Shepard explains: "I'm tired of being poor." Fair enough. Whether he's a hypocrite or a sellout or whatever is a matter of personal judgment, but I think you should ask yourself two questions: "Is it wrong for someone to seemingly betray their philosophy, even if their message was part of a joke to begin with?" and "Does this represent mainstream culture exerting influence on the underground? Or is it the underground that's starting to change the mainstream? Who is bowing down to whom?"

OTG pokes fun at just about everything, including itself. It exposes a problem but does nothing to solve it. Indeed, its creator has used his attention-grabbing talents to carve a niche in the world of corporate propaganda that he so adamantly opposes. So where does this leave us? Probably, like me, you're just as dumbfounded now as you were the first time you saw an OTG sticker.

All irrelevant controversies aside, OTG is a compelling and forward-thinking movement. Culture is dead, we're going nowhere in particular, and no one is doing anything about it. OTG is about making people wonder. The face of Andre the Giant makes no direct statement or in-your-face social criticisms, it's there to open your eyes to a process we're entangled in everyday… by taking that process to its extreme. How else are people going to know they're being "victimized" (by choice, mind you) by repetitious stimuli that de-sensitizes the nervous system and ultimately leads to dullness? Some might think that these stimuli are there to make them happy, but they're really designed to make docile sheep of us all.

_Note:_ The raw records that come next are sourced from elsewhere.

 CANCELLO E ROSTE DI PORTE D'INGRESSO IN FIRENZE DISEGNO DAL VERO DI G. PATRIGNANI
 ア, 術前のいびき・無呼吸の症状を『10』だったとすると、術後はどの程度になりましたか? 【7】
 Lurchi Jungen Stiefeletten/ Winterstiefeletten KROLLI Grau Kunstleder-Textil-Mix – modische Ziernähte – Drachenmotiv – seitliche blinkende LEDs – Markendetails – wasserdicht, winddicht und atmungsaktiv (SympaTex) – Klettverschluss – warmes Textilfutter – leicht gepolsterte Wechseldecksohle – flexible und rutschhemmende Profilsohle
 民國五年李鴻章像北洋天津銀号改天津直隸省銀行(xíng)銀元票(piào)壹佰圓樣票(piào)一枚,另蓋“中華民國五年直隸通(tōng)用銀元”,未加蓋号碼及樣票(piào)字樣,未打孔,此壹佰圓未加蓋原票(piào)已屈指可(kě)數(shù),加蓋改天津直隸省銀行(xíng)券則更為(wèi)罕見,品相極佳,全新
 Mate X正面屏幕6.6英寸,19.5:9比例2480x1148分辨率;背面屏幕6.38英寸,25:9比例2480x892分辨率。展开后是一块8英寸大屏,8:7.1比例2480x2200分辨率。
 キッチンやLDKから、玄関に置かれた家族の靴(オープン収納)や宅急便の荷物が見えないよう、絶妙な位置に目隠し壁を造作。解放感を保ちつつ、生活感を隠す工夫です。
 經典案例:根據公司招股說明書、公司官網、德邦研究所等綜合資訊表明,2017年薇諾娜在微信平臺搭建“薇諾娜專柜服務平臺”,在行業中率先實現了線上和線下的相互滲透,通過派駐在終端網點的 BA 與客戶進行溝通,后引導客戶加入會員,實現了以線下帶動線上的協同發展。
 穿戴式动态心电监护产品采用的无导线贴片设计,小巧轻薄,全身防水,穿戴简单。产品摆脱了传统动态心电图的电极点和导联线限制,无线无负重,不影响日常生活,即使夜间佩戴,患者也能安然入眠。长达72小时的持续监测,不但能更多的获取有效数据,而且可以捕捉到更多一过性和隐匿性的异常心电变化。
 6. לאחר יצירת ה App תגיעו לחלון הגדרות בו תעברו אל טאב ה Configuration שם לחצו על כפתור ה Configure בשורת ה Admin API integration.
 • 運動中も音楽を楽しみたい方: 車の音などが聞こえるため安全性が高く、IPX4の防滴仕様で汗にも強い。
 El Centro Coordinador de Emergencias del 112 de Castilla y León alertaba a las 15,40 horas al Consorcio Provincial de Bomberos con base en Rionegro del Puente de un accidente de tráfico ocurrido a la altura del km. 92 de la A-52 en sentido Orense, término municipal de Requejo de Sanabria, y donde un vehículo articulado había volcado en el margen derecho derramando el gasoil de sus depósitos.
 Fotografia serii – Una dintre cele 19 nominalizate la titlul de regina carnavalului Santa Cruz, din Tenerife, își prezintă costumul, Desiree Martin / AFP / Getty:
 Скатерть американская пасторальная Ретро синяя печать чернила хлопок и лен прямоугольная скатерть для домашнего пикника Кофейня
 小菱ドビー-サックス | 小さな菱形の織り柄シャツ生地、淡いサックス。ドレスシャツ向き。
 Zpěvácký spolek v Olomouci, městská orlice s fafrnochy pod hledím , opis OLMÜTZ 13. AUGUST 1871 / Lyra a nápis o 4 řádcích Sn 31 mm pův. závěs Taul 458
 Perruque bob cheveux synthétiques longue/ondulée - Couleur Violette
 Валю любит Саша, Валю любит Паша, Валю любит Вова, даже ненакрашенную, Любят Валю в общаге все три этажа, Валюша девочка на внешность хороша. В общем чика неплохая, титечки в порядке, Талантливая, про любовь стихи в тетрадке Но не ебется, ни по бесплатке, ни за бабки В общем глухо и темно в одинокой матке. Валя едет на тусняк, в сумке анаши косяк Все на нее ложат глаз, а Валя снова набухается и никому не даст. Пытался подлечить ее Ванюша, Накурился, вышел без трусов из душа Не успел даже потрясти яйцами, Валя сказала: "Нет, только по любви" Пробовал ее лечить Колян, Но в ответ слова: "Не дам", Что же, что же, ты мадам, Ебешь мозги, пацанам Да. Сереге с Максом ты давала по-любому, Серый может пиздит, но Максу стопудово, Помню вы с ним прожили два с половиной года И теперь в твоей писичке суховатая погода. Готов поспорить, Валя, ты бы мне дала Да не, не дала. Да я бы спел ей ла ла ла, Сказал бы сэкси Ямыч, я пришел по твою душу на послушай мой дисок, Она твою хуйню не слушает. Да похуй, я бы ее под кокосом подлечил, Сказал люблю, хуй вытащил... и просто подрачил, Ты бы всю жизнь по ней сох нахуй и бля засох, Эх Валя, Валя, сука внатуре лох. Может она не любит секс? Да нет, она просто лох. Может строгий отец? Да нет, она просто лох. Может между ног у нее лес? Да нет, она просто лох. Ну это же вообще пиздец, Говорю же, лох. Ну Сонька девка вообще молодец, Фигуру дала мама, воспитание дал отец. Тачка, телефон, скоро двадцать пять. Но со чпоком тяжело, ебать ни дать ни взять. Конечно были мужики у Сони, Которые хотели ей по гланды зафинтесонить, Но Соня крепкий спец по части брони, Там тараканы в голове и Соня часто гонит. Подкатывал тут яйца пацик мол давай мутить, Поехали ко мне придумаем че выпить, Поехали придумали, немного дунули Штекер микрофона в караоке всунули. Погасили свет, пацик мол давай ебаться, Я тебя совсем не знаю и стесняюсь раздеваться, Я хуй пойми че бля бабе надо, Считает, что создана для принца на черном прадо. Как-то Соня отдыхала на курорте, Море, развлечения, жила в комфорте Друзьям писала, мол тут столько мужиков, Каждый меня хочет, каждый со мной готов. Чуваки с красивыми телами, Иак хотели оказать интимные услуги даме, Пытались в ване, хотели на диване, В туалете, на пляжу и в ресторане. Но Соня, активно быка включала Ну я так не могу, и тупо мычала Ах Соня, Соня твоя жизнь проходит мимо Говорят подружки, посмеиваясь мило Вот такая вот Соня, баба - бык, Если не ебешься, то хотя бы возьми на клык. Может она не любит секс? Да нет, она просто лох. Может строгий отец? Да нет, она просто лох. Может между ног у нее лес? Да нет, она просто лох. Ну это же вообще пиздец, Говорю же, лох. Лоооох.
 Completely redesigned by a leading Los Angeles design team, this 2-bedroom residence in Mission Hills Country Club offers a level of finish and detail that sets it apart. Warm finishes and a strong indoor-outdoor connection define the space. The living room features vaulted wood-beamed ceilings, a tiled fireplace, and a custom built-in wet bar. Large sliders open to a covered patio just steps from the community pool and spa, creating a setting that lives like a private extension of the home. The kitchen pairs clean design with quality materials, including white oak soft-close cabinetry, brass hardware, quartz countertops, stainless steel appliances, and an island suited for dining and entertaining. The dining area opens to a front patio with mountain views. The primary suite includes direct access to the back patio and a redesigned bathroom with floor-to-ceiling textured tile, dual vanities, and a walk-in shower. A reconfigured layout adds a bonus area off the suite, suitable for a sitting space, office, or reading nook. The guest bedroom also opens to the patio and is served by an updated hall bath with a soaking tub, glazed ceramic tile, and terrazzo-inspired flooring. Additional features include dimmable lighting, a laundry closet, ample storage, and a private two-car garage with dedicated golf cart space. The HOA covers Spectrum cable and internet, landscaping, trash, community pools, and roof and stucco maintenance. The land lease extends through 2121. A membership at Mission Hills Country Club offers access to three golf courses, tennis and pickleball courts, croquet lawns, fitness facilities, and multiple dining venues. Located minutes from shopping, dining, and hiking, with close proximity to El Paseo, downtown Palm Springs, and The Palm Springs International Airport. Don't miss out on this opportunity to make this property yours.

If pop culture seems to you like a virile blob oozing into every nook and cranny on the planet, then that probably means you are alive and aware. History needs you. Without progressive campaigns and attention-grabbing gimmicks like OTG, we may just end up ravenously gorging ourselves on all our available resources, waking up to nothing but the pool of vomit we passed out in. 'They' call it "conspicuous consumption" because that's exactly what it is: an open field orgy of gluttonous lust and greed.

So get out there . . . spread the anti-message. Bombard your town with Giant stickers, fire missiles of mockery and discontent at the digital environment of suburbia, fight back against all those assholes in the throbbing hive-world of the big city. Why not? All the cool kids are doing it.